* **WHAT YOU SHOULD DO**
A verbatim copy is needed of the lines below from the one containing "Набор ключей рожково-накидных" up to and including the one containing "傘内側の黒コーティングが照り", excluding pictures.

* **SUPPLIED INFORMATION**
----------

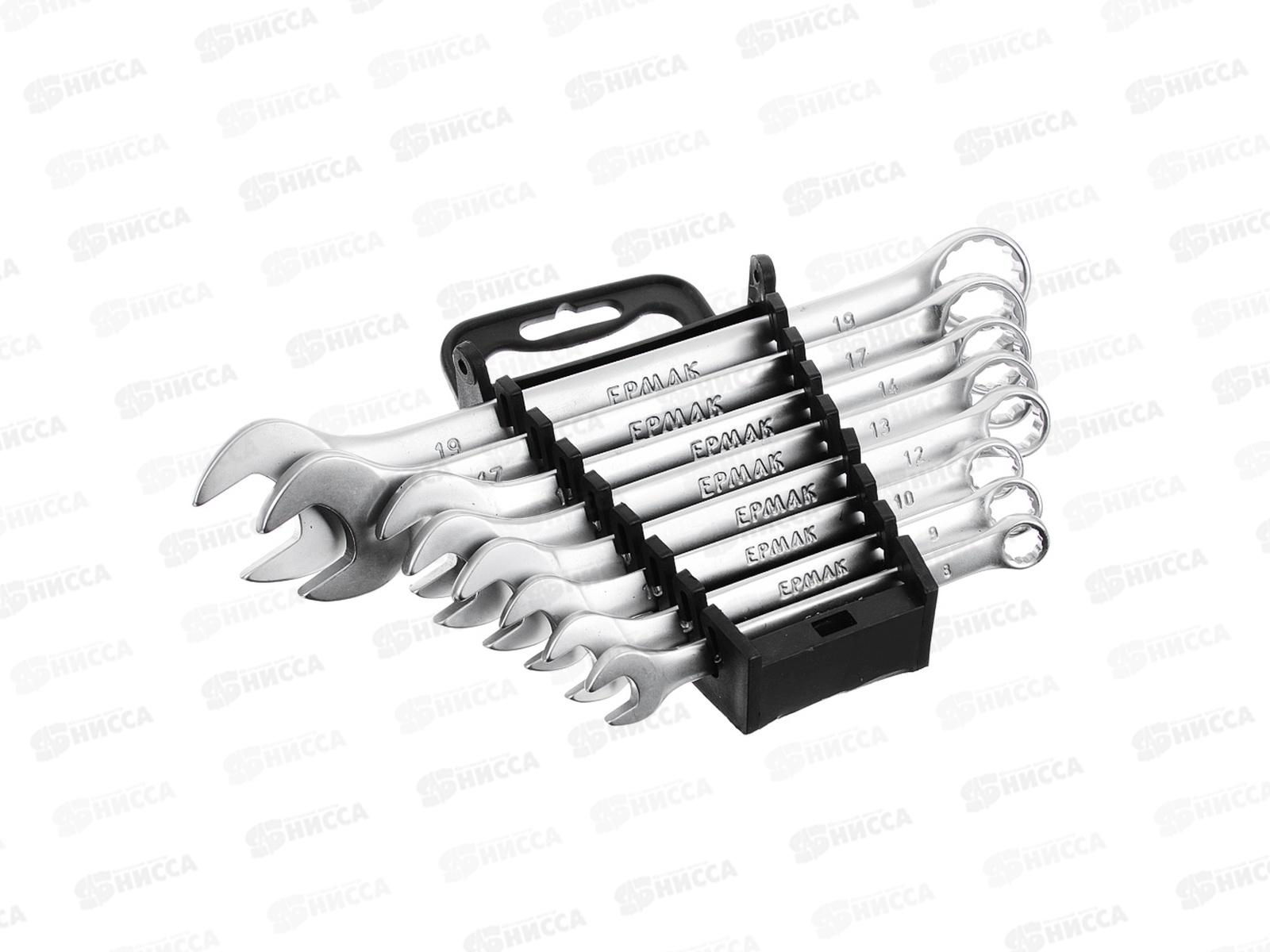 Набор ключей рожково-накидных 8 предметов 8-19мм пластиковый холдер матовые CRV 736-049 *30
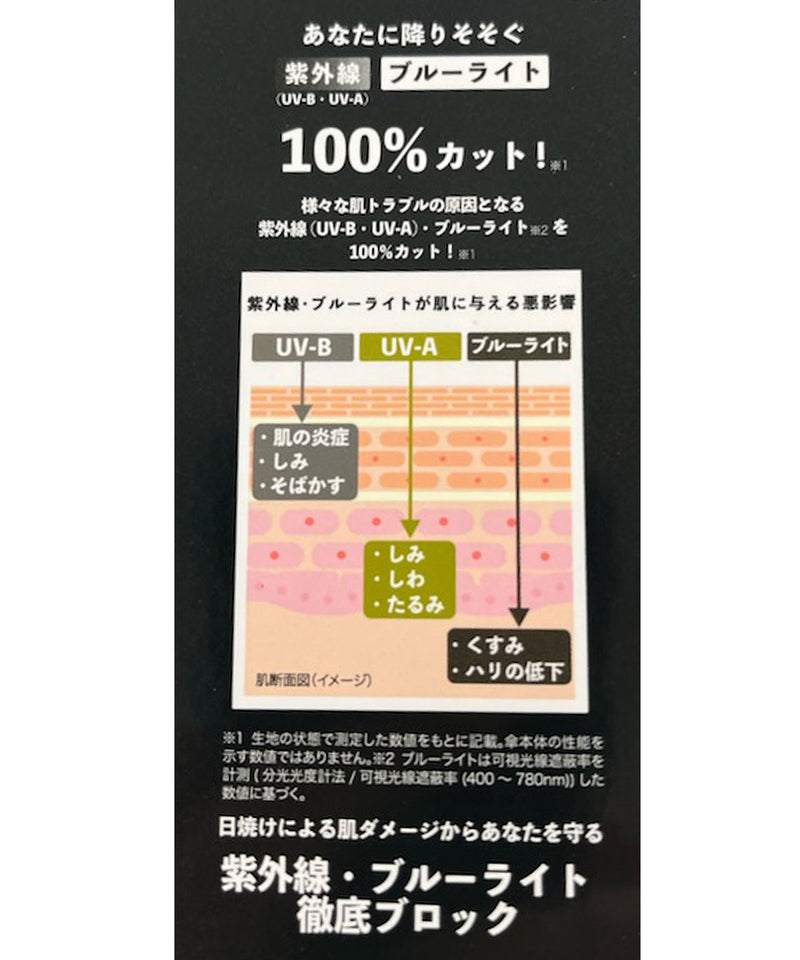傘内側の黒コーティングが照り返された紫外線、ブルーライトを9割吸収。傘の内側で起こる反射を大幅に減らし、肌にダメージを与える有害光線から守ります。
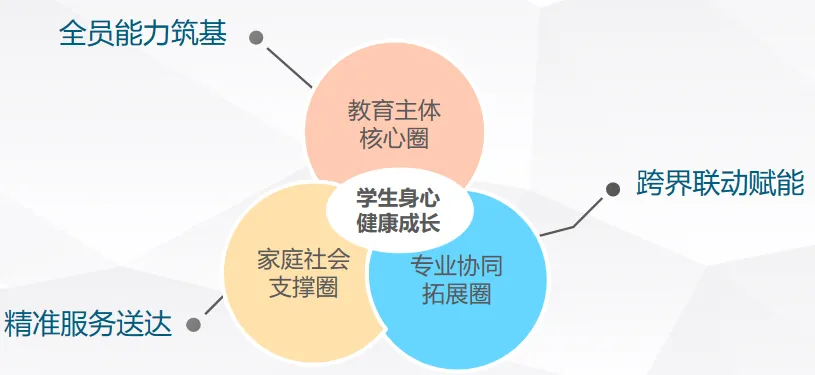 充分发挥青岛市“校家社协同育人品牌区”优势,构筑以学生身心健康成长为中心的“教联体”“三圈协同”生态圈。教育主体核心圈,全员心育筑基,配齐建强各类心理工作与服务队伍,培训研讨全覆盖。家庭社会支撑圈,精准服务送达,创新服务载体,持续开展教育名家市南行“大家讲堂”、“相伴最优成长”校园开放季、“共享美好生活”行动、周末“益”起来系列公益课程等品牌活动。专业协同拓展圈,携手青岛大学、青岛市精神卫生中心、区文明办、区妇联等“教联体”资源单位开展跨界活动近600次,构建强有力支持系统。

----------

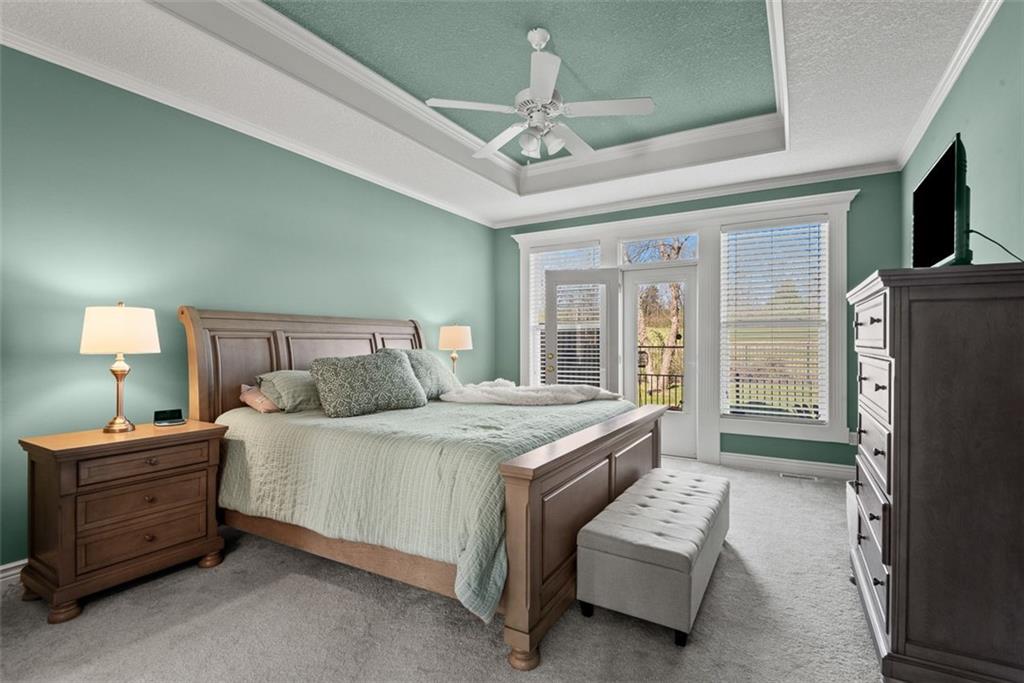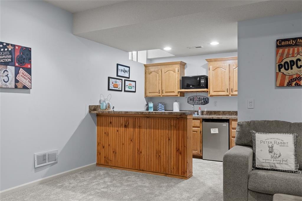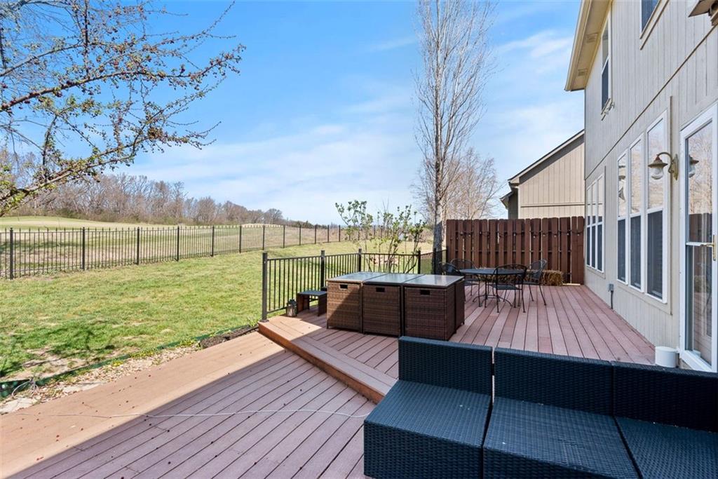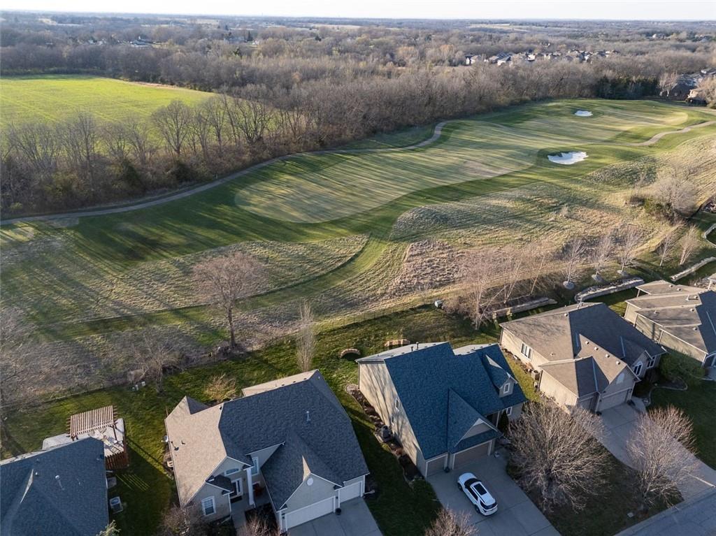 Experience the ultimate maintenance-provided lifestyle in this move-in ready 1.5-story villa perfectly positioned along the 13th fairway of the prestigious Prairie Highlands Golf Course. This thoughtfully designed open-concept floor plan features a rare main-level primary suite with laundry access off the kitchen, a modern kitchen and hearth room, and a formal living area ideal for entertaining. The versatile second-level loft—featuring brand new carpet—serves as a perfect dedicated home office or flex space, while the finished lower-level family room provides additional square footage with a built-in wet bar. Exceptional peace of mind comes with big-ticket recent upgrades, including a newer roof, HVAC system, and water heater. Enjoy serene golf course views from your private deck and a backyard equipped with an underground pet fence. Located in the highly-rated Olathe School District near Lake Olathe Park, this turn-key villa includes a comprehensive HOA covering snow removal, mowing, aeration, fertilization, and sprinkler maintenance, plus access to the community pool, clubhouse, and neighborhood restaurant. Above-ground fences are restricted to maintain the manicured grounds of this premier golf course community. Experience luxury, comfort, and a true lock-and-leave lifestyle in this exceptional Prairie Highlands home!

----------

* **ANSWER TO THIS EXERCISE**
 Набор ключей рожково-накидных 8 предметов 8-19мм пластиковый холдер матовые CRV 736-049 *30
傘内側の黒コーティングが照り返された紫外線、ブルーライトを9割吸収。傘の内側で起こる反射を大幅に減らし、肌にダメージを与える有害光線から守ります。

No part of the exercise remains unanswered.